Could you repeat the data word for word while skipping the pictures?

(INFORMATION PROVIDED)

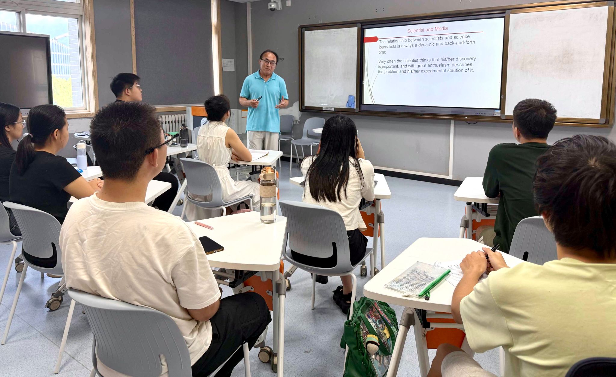 张婧文副教授邀请美国密苏里大学教授Zhigang Sun讲授《科学素养基础/The Fundamentals of Science Literacy》课程。课堂旨在帮助学生理解科学素养的重要性、科学传播的流程及挑战、辨析科学信息真伪的做法和科学探究过程中需要的理论、方法等。Zhigang Sun引用近期社会热点事件和相关学术论文,结合新闻传播学知识,从各个角度全面讲授科学素养、科学传播方面的知识,并鼓励学生思考、讨论,启发学生运用批判性思维、发散性思维处理和解决问题,锻炼他们不迷信权威、勇于质疑、勇于创新、严谨求真的科学素质,以此加深学生对科学素养的理解,提升学生的科学素养水平。
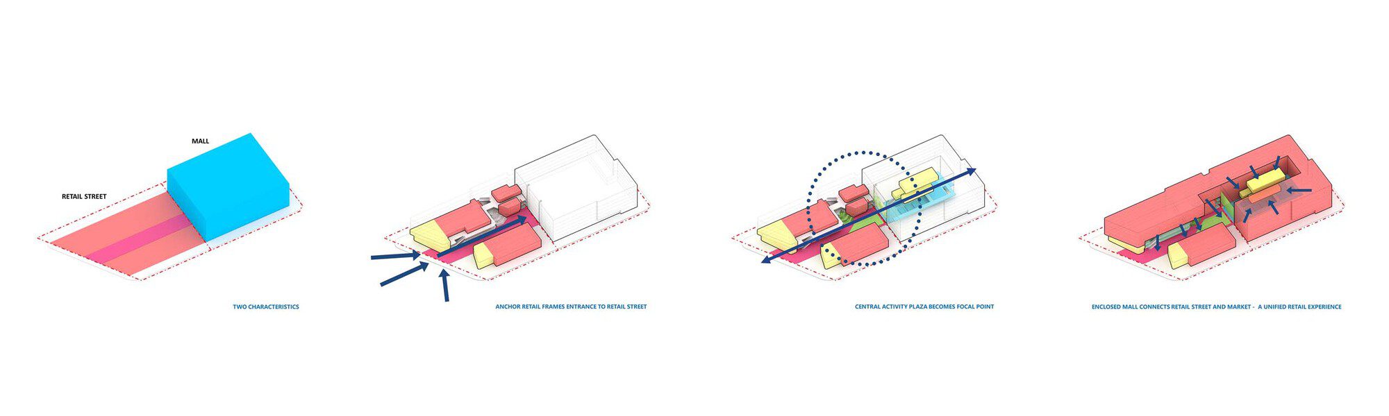 The retail street is punctuated by the shopping mall entrance – the jewel of the scheme. The design of the entrance is animated by three floating food truck-inspired structures, which creates a unique spatial experience for dining and gastronomic experiences.
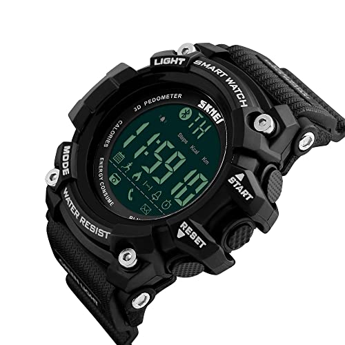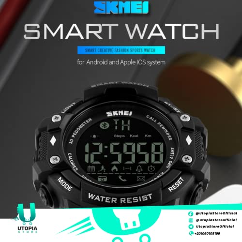 Generic - ساعة ذكية رياضية متوافقة مع اندرويد وiOS للرجال والنساء تدعم فن الخط وتشتمل على منبه وسوار مطاطي مرن عالي التحمل موديل 1227 اسود
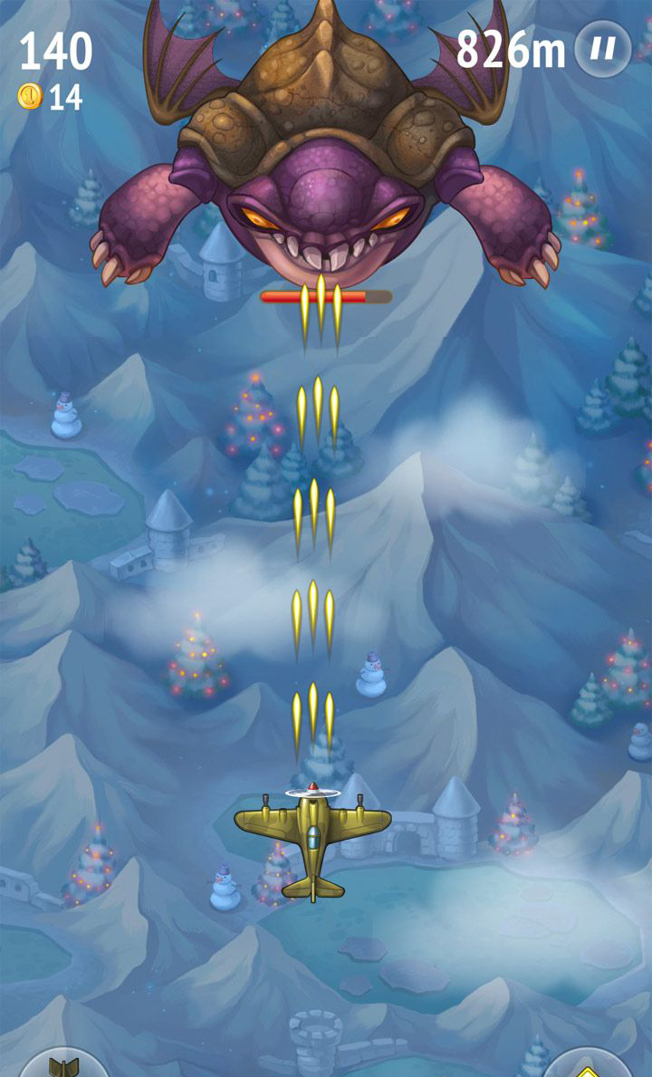 快节奏竖卷轴飞行射击游戏,画面卡通、明亮,看起来很舒服;

(End INFORMATION PROVIDED)

OUTPUT FOR THIS EXERCISE -
 张婧文副教授邀请美国密苏里大学教授Zhigang Sun讲授《科学素养基础/The Fundamentals of Science Literacy》课程。课堂旨在帮助学生理解科学素养的重要性、科学传播的流程及挑战、辨析科学信息真伪的做法和科学探究过程中需要的理论、方法等。Zhigang Sun引用近期社会热点事件和相关学术论文,结合新闻传播学知识,从各个角度全面讲授科学素养、科学传播方面的知识,并鼓励学生思考、讨论,启发学生运用批判性思维、发散性思维处理和解决问题,锻炼他们不迷信权威、勇于质疑、勇于创新、严谨求真的科学素质,以此加深学生对科学素养的理解,提升学生的科学素养水平。
 The retail street is punctuated by the shopping mall entrance – the jewel of the scheme. The design of the entrance is animated by three floating food truck-inspired structures, which creates a unique spatial experience for dining and gastronomic experiences.
 Generic - ساعة ذكية رياضية متوافقة مع اندرويد وiOS للرجال والنساء تدعم فن الخط وتشتمل على منبه وسوار مطاطي مرن عالي التحمل موديل 1227 اسود
 快节奏竖卷轴飞行射击游戏,画面卡通、明亮,看起来很舒服;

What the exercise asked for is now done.